When does PEngines return args/functor format and when does it return plain format?

I’m using: SWI-Prolog version 8.0.2 on Ubuntu Linux 18.04.

I use the predicate below to create the response I send back to Node.JS queries to my PEngines server.

create_response(EventList) :-
		% Accumulate all the temporary data generated during this volley.
		bagof(Event, u_query(temp(Event)), EventList),
		!.
% If the query did not generate any temp elements, then it is an empty report.
create_response([empty_report]) :- !.

It gathers up all the facts I asserted to the Prolog data that were generated during the query and returns that information as the result of the query. As you can see, if there were no facts asserted to the database, the catch-all response [empty_report] is returned.

What I don’t understand is the following: If the bagof() goal succeeds, I get back a list of objects in a list. As I mentioned in another thread, that list objects reaches my NodeJS code in some custom format I call the args/functor format that appears to be some kind of meta description of the list of objects bagof() returned. This is not my format. It is something that PEngines appears to do on its own. Because of this I wrote a parser on the NodeJS side to turn that format back into the original object llist without the args/functor decorations. This works fine.

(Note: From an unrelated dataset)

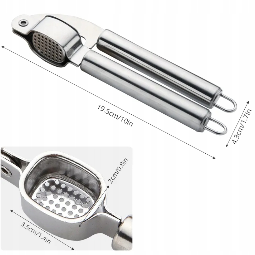Чеснокодавилка изготовлена из высококачественной нержавеющей стали. В отверстие помещается целый зубчик чеснока. >
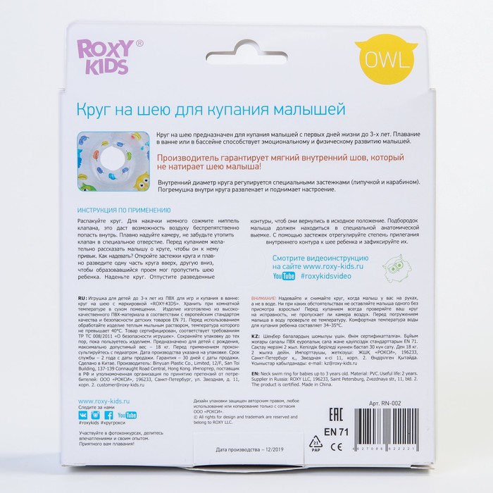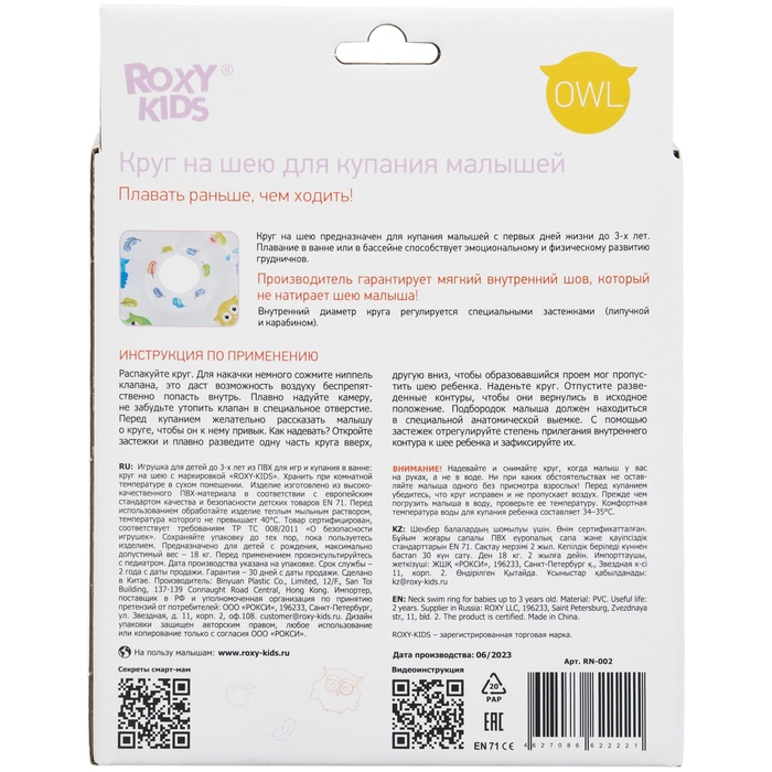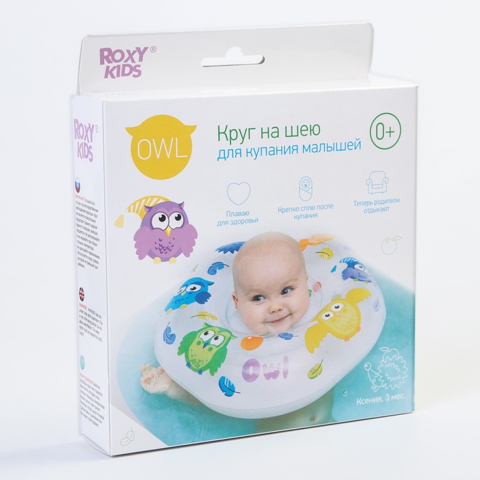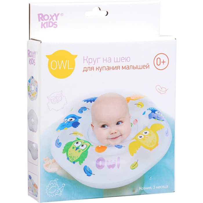 Круг для плавания на шею Owl, «Птички», надувной, с ручками, белый — Характеристики

However, for some reason the simpler return that is the result of the second create_response() clause, that of the value [empty_report], does not reach my NodeJS code in args/functor format. It shows up in the result object received by my on-success event handler as just a simple list with the variable name I assigned the response to -> Report: [empty_report]. This causes my parsing code to fail since it is not in args/functor format and that code expects it to be in that format.

Can someone tell me the rules for what causes PEngines to use the args/functor format and at other times, not use it?

First of all, why not simply create_response([])?. Second, stay away from bagof/setof unless you really understand them and need them. They are logically sweet, but often surprise people. For most cases simply use findall/3, which gives far less surprises.

Finally, just call u_query(temp(Event)). That gives you the events one-by-one. If there are many this gets slow, but if you give chunk:1000 as option to ask, you get them in chunks of 1,000 with practically the same performance. If there are really a lot, the UI can indicate such instead of going ballistic.